Pityriasis rosea yani halk arasında bilinen adı Gül hastalığı. Beni tam boynumdan yakaladı sonra bütün vucüdumu sarmaya başladı. Bende ilk iş olarak ekşi sözlüğe baktım, Nedir bu hastalık diye.
Nedeni tam olarak bilinmeyen, strese bağlanan bu garip hastalığın bulaşıcı olmadığını ve popular bir hastalık olduğunu öğrendim.
Sanırım Gül hastalığı demelerinin nedeni kırmızı lekeler bırakması. Stres kaynaklı olduğu belirtiliyor ama hastalığın yarattığı kaşıntı ve yayılma hızı insanı daha çok strese sokuyor.
Bir toplantı esnasında deliler gibi kaşınma isteği, boynunuzdaki kızarıklıklar yüzünden kapalı ortamda şal takma gereksinimi dışında her şey yolunda.
Doktorun verdiği ilaçların ne kadar faydalı olacağını bilmiyorum. Bu hastalığı yaşamış olan herkes farklı tedavi yöntemlerinden bahsediyor. Hatta doktorun verdiği ilaçları kullanmayın diyen bile var.
Benim gibi narin birine adı gül olan bir hastalık yakışır diye düşünüyorum.

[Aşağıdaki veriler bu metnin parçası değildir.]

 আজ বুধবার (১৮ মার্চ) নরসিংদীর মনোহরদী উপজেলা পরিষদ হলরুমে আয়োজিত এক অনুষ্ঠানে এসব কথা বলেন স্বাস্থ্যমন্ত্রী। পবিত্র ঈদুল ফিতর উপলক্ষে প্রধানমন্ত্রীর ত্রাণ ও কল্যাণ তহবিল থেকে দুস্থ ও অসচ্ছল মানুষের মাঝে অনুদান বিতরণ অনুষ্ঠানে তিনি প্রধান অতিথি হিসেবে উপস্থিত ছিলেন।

Boğazı kapalı kıyafetler tercih edip, lekeleri görmemeye çalışmak iyi geliyor. Tabi kapalı kaldığında ve kıyafetler üzerine sürtündüğünde kaşıntı artıyor.
Doktor banyo yaparken ılık su kullanmanızı tavsiye ediyor. Keselenmemeniz gerektiğini belirtiyor. Sabun kullanmamalısınız, saçlarınızı bile öne eğip durulamallısınız.

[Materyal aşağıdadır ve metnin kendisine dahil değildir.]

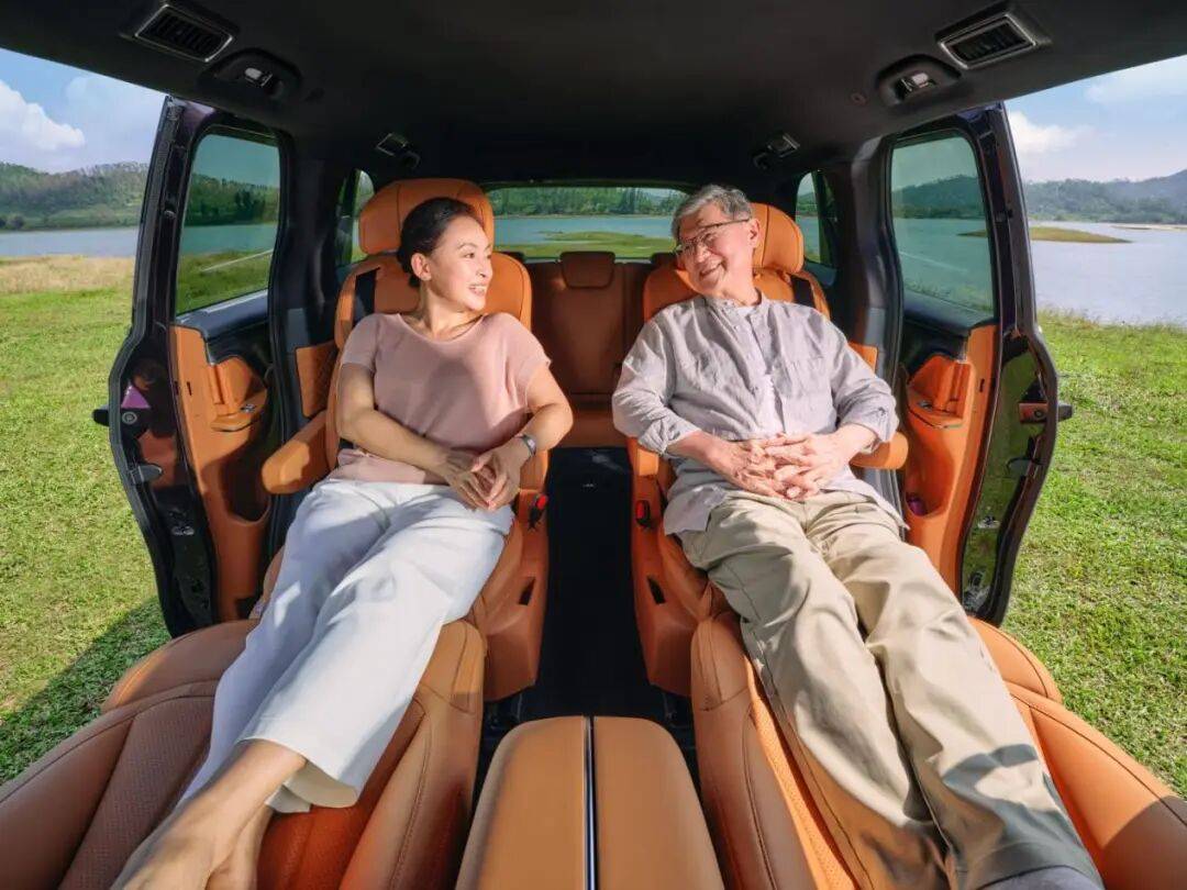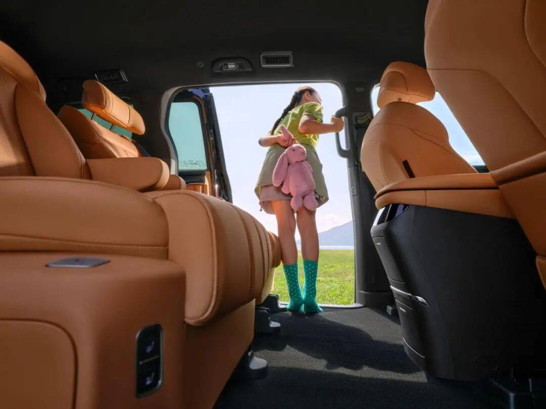 而星海V9則對細(xì)節(jié)打磨到位:200mm超寬二排中央通道,成年人側(cè)身輕松通過,小孩甚至可以直接跑過去。雙側(cè)魔術(shù)電滑門帶雙重防夾機(jī)制,老人上下車時即使動作慢、倚靠車門,系統(tǒng)也能及時感應(yīng)停止,安全冗余更高。此外,地臺高度經(jīng)過優(yōu)化,配合B柱扶手,老人上車不費勁,孩子自己也能爬上去。

4-6 hafta arası sürdüğü vakalar söz konusu, henüz ilk haftayı atlattım. İlaçsız ve bol köpüklü.
Beni rahatsız eden en önemli konu lekelerin yüzüme sıçramasından korkuyordum, internet paylaşımlarında okuduğum kadarıyla yüze sıçramayan bir hastalık. Eğer bu hastalığa yakalandıysanız bunu düşünüp daha fazla stres yapmayın malum hastalık stress ile besleniyor.
Bulaşıcı değil. Arakadaşlarınızı bulaşıcı bu diyerek korkutabilirsiniz. Deri üstündeki leke ve döküntüler bu şakayı yapmanız için iyi bir ortam sağlıyor.
Bana da Sezen Aksu’dan Geçer Geçer şarkısını dinlemek kalıyor.